[Records drawn from a dataset]
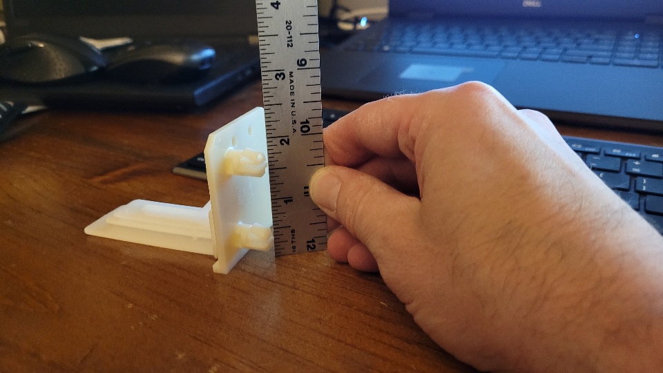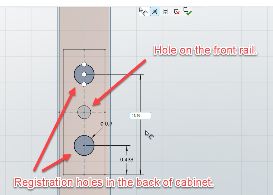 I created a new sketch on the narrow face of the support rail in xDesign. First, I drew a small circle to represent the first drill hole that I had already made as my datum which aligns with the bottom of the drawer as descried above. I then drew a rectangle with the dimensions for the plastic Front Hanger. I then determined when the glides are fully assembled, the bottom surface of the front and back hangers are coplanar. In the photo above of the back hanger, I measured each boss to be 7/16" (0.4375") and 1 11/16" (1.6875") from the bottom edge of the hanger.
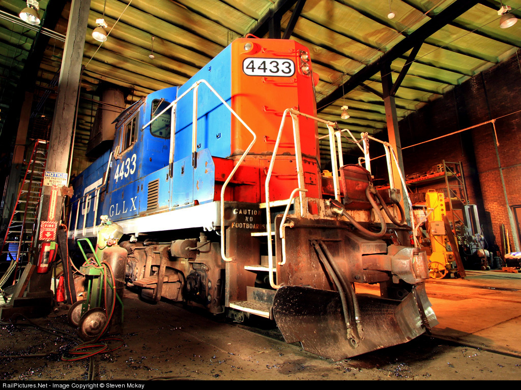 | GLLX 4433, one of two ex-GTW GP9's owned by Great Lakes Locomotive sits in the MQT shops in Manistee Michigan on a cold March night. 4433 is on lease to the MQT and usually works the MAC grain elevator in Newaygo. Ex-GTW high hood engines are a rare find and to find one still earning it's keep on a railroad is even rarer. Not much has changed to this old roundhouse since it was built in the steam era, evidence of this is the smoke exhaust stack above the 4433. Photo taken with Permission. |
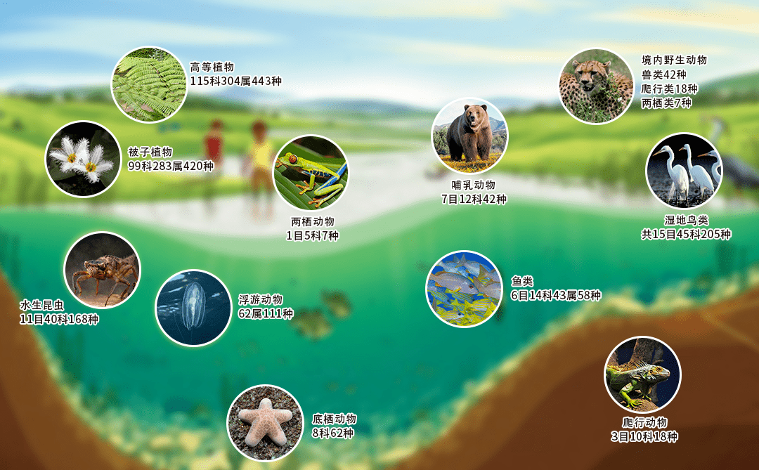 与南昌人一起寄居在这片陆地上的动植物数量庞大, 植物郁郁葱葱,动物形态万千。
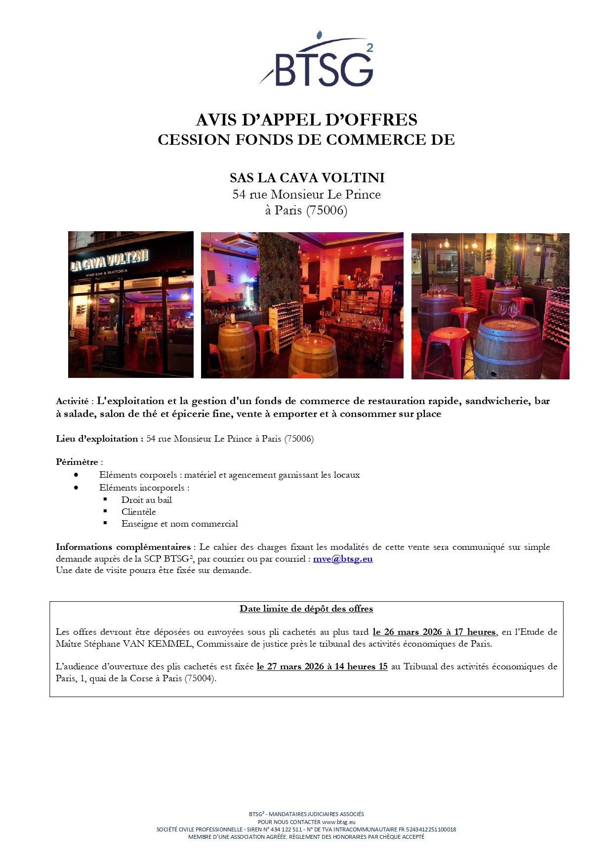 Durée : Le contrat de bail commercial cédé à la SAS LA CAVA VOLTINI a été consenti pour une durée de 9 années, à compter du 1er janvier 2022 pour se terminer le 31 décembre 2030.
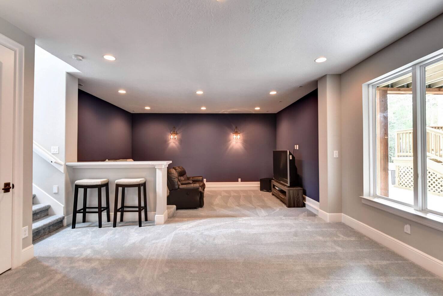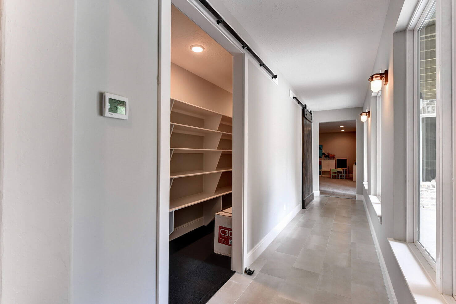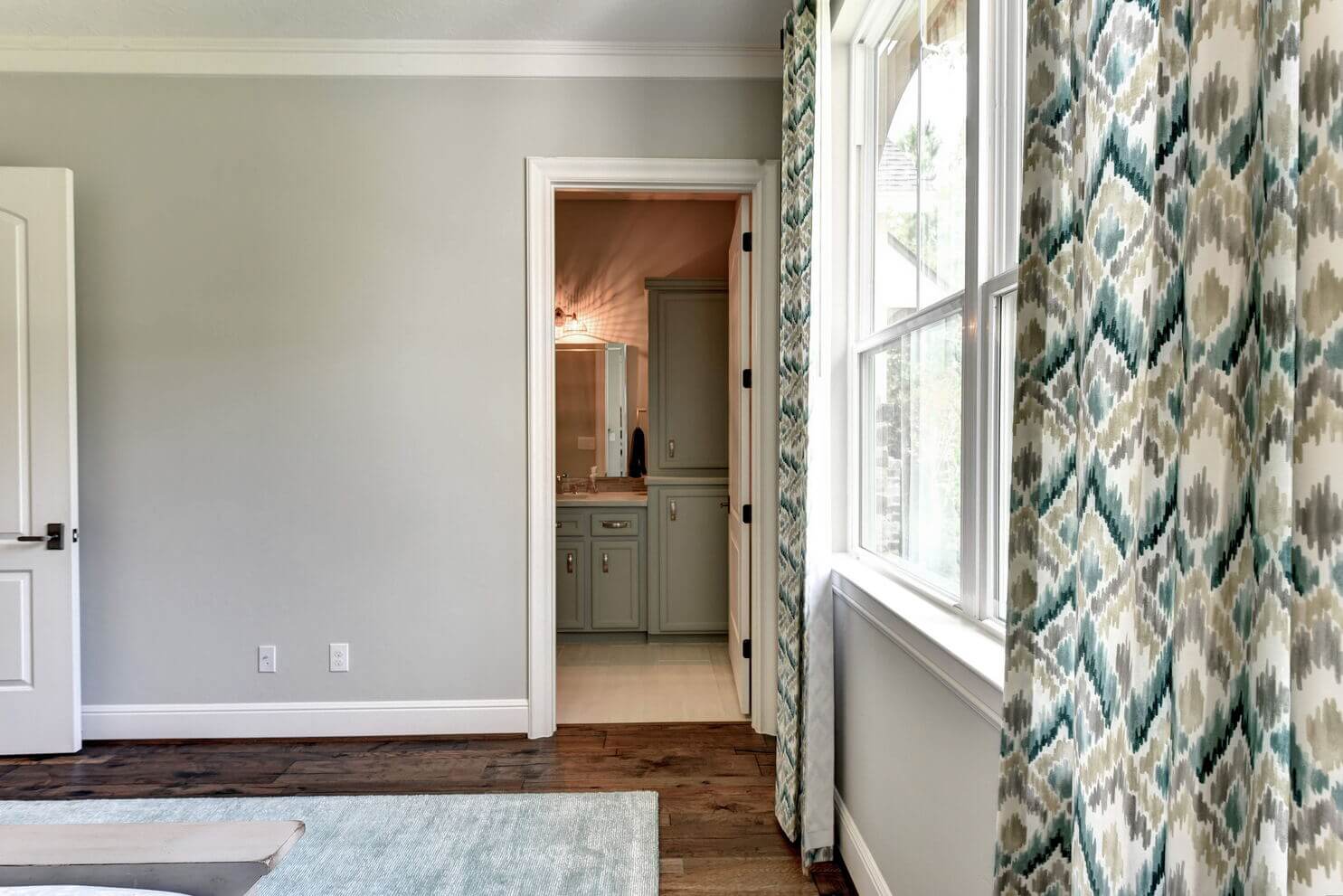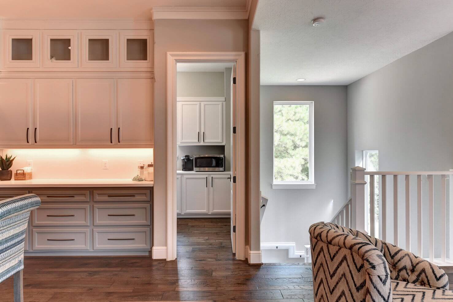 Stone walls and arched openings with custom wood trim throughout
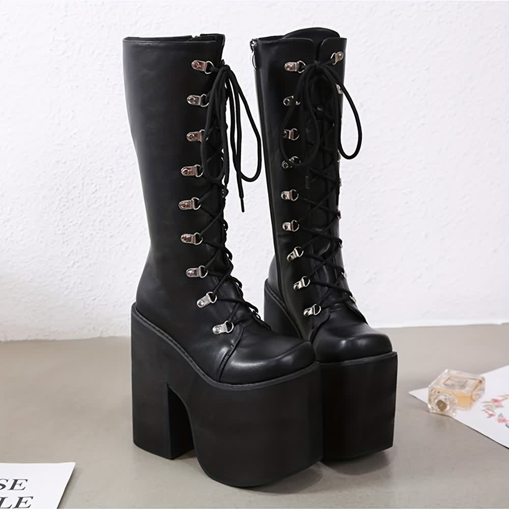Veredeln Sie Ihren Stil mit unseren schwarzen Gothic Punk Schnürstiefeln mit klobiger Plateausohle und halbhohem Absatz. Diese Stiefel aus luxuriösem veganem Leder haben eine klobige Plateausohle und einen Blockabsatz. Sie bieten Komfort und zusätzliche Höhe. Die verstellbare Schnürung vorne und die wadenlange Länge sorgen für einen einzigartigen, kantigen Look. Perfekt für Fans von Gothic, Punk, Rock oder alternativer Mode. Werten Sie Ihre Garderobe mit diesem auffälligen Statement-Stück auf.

WHAT IS BEING ASKED
A faithful copy of every record is required, with no pictures included.

WRITTEN ANSWER
 I created a new sketch on the narrow face of the support rail in xDesign. First, I drew a small circle to represent the first drill hole that I had already made as my datum which aligns with the bottom of the drawer as descried above. I then drew a rectangle with the dimensions for the plastic Front Hanger. I then determined when the glides are fully assembled, the bottom surface of the front and back hangers are coplanar. In the photo above of the back hanger, I measured each boss to be 7/16" (0.4375") and 1 11/16" (1.6875") from the bottom edge of the hanger.
 | GLLX 4433, one of two ex-GTW GP9's owned by Great Lakes Locomotive sits in the MQT shops in Manistee Michigan on a cold March night. 4433 is on lease to the MQT and usually works the MAC grain elevator in Newaygo. Ex-GTW high hood engines are a rare find and to find one still earning it's keep on a railroad is even rarer. Not much has changed to this old roundhouse since it was built in the steam era, evidence of this is the smoke exhaust stack above the 4433. Photo taken with Permission. |
 与南昌人一起寄居在这片陆地上的动植物数量庞大, 植物郁郁葱葱,动物形态万千。
 Durée : Le contrat de bail commercial cédé à la SAS LA CAVA VOLTINI a été consenti pour une durée de 9 années, à compter du 1er janvier 2022 pour se terminer le 31 décembre 2030.
 Stone walls and arched openings with custom wood trim throughout
Veredeln Sie Ihren Stil mit unseren schwarzen Gothic Punk Schnürstiefeln mit klobiger Plateausohle und halbhohem Absatz. Diese Stiefel aus luxuriösem veganem Leder haben eine klobige Plateausohle und einen Blockabsatz. Sie bieten Komfort und zusätzliche Höhe. Die verstellbare Schnürung vorne und die wadenlange Länge sorgen für einen einzigartigen, kantigen Look. Perfekt für Fans von Gothic, Punk, Rock oder alternativer Mode. Werten Sie Ihre Garderobe mit diesem auffälligen Statement-Stück auf.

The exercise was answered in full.